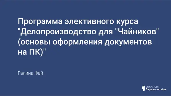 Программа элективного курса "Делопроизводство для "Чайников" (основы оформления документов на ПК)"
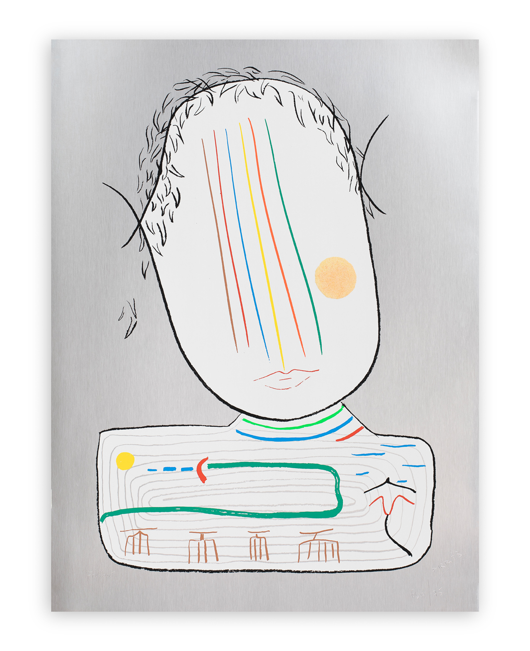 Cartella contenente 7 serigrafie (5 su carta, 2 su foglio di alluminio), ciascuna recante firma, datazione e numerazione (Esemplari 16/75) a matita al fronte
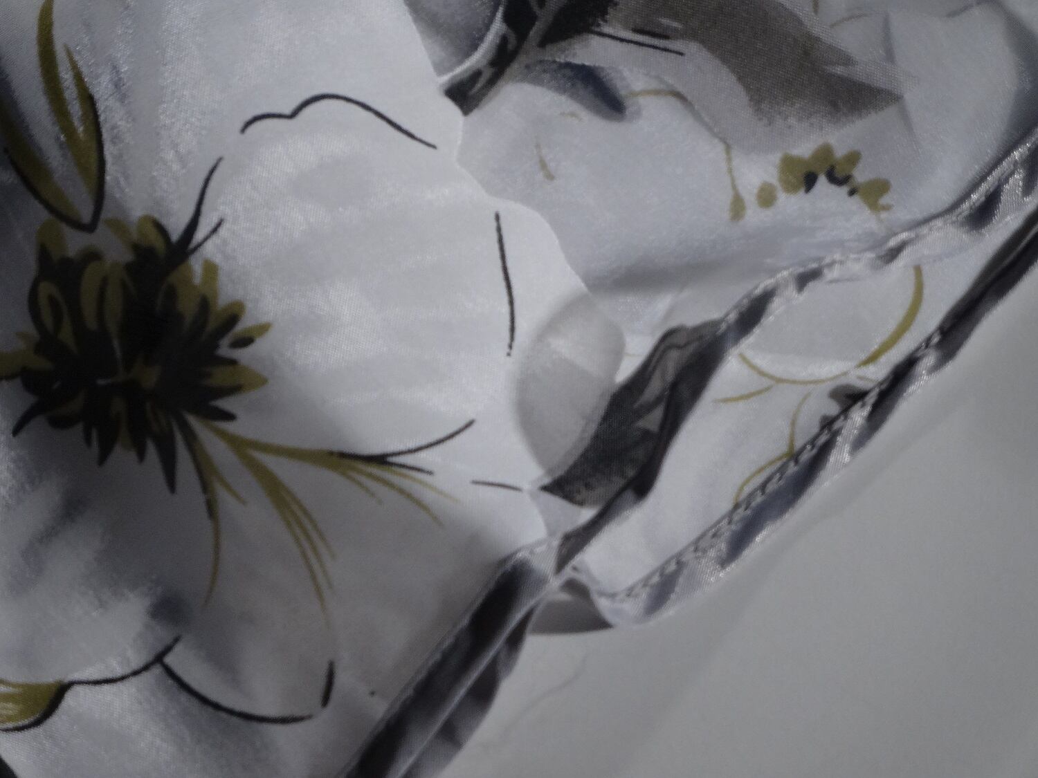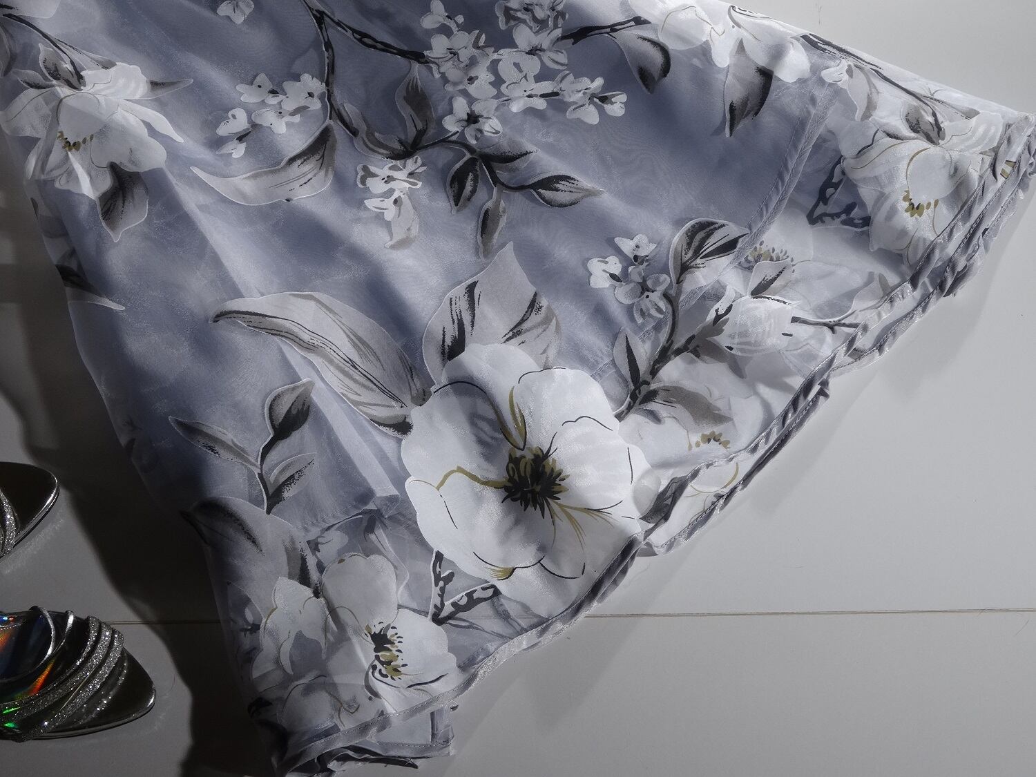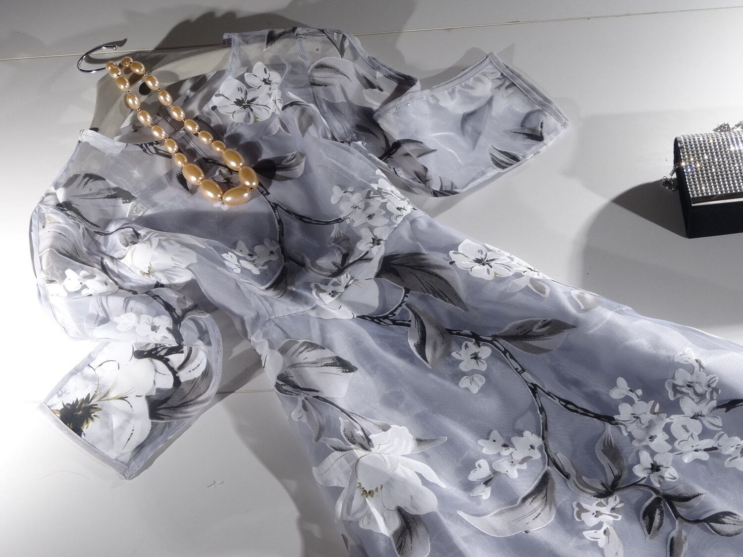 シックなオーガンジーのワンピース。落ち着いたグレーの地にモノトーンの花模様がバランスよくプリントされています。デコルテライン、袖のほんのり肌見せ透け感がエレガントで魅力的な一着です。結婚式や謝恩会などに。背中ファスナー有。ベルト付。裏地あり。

_ _ _ _

What you are asked to do — What is needed here is an exact repetition of the listing above, pictures excluded.

Exercise output —
 Программа элективного курса "Делопроизводство для "Чайников" (основы оформления документов на ПК)"
 Cartella contenente 7 serigrafie (5 su carta, 2 su foglio di alluminio), ciascuna recante firma, datazione e numerazione (Esemplari 16/75) a matita al fronte
 シックなオーガンジーのワンピース。落ち着いたグレーの地にモノトーンの花模様がバランスよくプリントされています。デコルテライン、袖のほんのり肌見せ透け感がエレガントで魅力的な一着です。結婚式や謝恩会などに。背中ファスナー有。ベルト付。裏地あり。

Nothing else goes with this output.